Re: [GIT PULL] bcachefs updates for 6.8

From: Kent Overstreet
Date: Thu Jan 11 2024 - 20:11:07 EST


On Thu, Jan 11, 2024 at 09:47:26PM +0000, Mark Brown wrote:
> On Thu, Jan 11, 2024 at 12:38:57PM -0500, Kent Overstreet wrote:
> > On Thu, Jan 11, 2024 at 03:35:40PM +0000, Mark Brown wrote:
>
> > > IME the actually running the tests bit isn't usually *so* much the
> > > issue, someone making a new test runner and/or output format does mean a
> > > bit of work integrating it into infrastructure but that's more usually
> > > annoying than a blocker.
>
> > No, the proliferation of test runners, test output formats, CI systems,
> > etc. really is an issue; it means we can't have one common driver that
> > anyone can run from the command line, and instead there's a bunch of
> > disparate systems with patchwork integration and all the feedback is nag
> > emails - after you've finished whan you were working on instead of
> > moving on to the next thing - with no way to get immediate feedback.
>
> It's certainly an issue and it's much better if people do manage to fit
> their tests into some existing thing but I'm not convinced that's the
> big reason why you have a bunch of different systems running separately
> and doing different things. For example the enterprise vendors will
> naturally tend to have a bunch of server systems in their labs and focus
> on their testing needs while I know the Intel audio CI setup has a bunch
> of laptops, laptop like dev boards and things in there with loopback
> audio cables and I think test equipment plugged in and focuses rather
> more on audio. My own lab is built around on systems I can be in the
> same room as without getting too annoyed and does things I find useful,
> plus using spare bandwidth for KernelCI because they can take donated
> lab time.

No, you're overthinking.

The vast majority of kernel testing requires no special hardware, just a
virtual machine.

There is _no fucking reason_ we shouldn't be able to run tests on our
own local machines - _local_ machines, not waiting for the Intel CI
setup and asking for a git branch to be tested, not waiting for who
knows how long for the CI farm to get to it - just run the damn tests
immediately and get immediate feedback.

You guys are overthinking and overengineering and ignoring the basics,
the way enterprise people always do.

> > And it's because building something shiny and new is the fun part, no
> > one wants to do the grungy integration work.
>
> I think you may be overestimating people's enthusiasm for writing test
> stuff there! There is NIH stuff going on for sure but lot of the time
> when you look at something where people have gone off and done their own
> thing it's either much older than you initially thought and predates
> anything they might've integrated with or there's some reason why none
> of the existing systems fit well. Anecdotally it seems much more common
> to see people looking for things to reuse in order to save time than it
> is to see people going off and reinventing the world.

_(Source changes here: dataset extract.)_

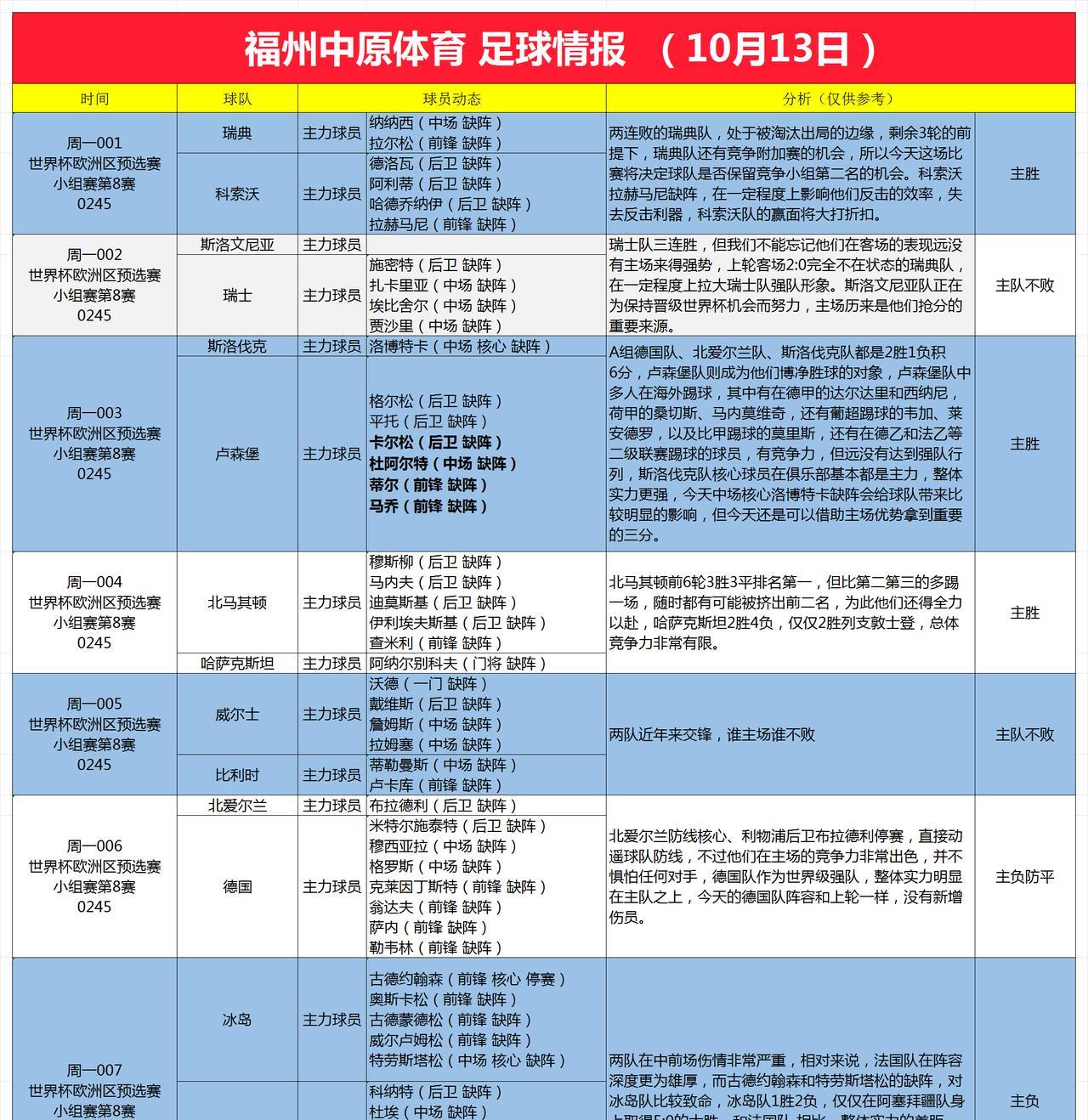 10月13日足球情报 斯洛伐克队和北马其顿队没有放松的资本,今晚两队主场出击全取三分,瑞典队今天能否苏醒,瑞士队和比利时队客场谨防丢分。
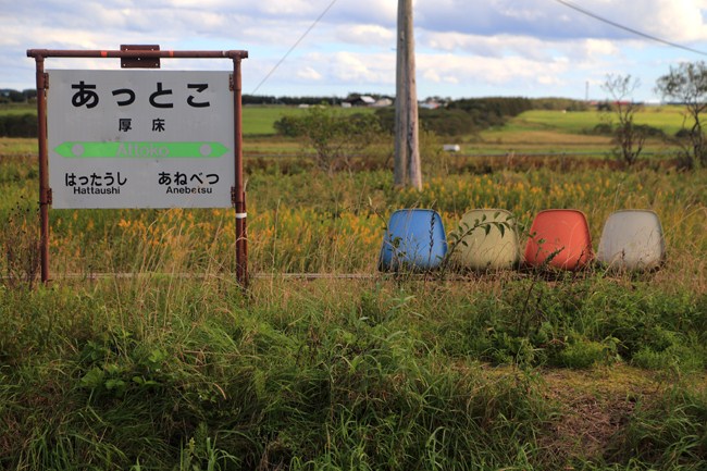 ここまで来たら、一路根室へ44号線。途中、思い出の駅「厚床」に立ち寄り。

It's a basic lack of leadership. Yes, the younger engineers are always
going to be doing the new and shiny, and always going to want to build
something new instead of finishing off the tests or integrating with
something existing. Which is why we're supposed to have managers saying
"ok, what do I need to prioritize for my team be able to develop
effectively".

>
> > > > example tests, example output:
> > > > https://evilpiepirate.org/git/ktest.git/tree/tests/bcachefs/single_device.ktest
> > > > https://evilpiepirate.org/~testdashboard/ci?branch=bcachefs-testing
>
> > > For example looking at the sample test there it looks like it needs
> > > among other things mkfs.btrfs, bcachefs, stress-ng, xfs_io, fio, mdadm,
> > > rsync
>
> > Getting all that set up by the end user is one command:
> > ktest/root_image create
> > and running a test is one morecommand:
> > build-test-kernel run ~/ktest/tests/bcachefs/single_device.ktest
>
> That does assume that you're building and running everything directly on
> the system under test and are happy to have the test in a VM which isn't
> an assumption that holds universally, and also that whoever's doing the
> testing doesn't want to do something like use their own distro or
> something - like I say none of it looks too unreasonable for
> filesystems.

No, I'm doing it that way because technically that's the simplest way to
do it.

All you guys building crazy contraptions for running tests on Google
Cloud or Amazon or whatever - you're building technical workarounds for
broken procurement.

Just requisition the damn machines.

> Some will be, some will have more demanding requirements especially when
> you want to test on actual hardware rather than in a VM. For example
> with my own test setup which is more focused on hardware the operating
> costs aren't such a big deal but I've got boards that are for various
> reasons irreplaceable, often single instances of boards (which makes
> scheduling a thing) and for some of the tests I'd like to get around to
> setting up I need special physical setup. Some of the hardware I'd like
> to cover is only available in machines which are in various respects
> annoying to automate, I've got a couple of unused systems waiting for me
> to have sufficient bandwidth to work out how to automate them. Either
> way I don't think the costs are trival enough to be completely handwaved
> away.

That does complicate things.

I'd also really like to get automated performance testing going too,
which would have similar requirements in that jobs would need to be
scheduled on specific dedicated machines. I think what you're doing
could still build off of some common infrastructure.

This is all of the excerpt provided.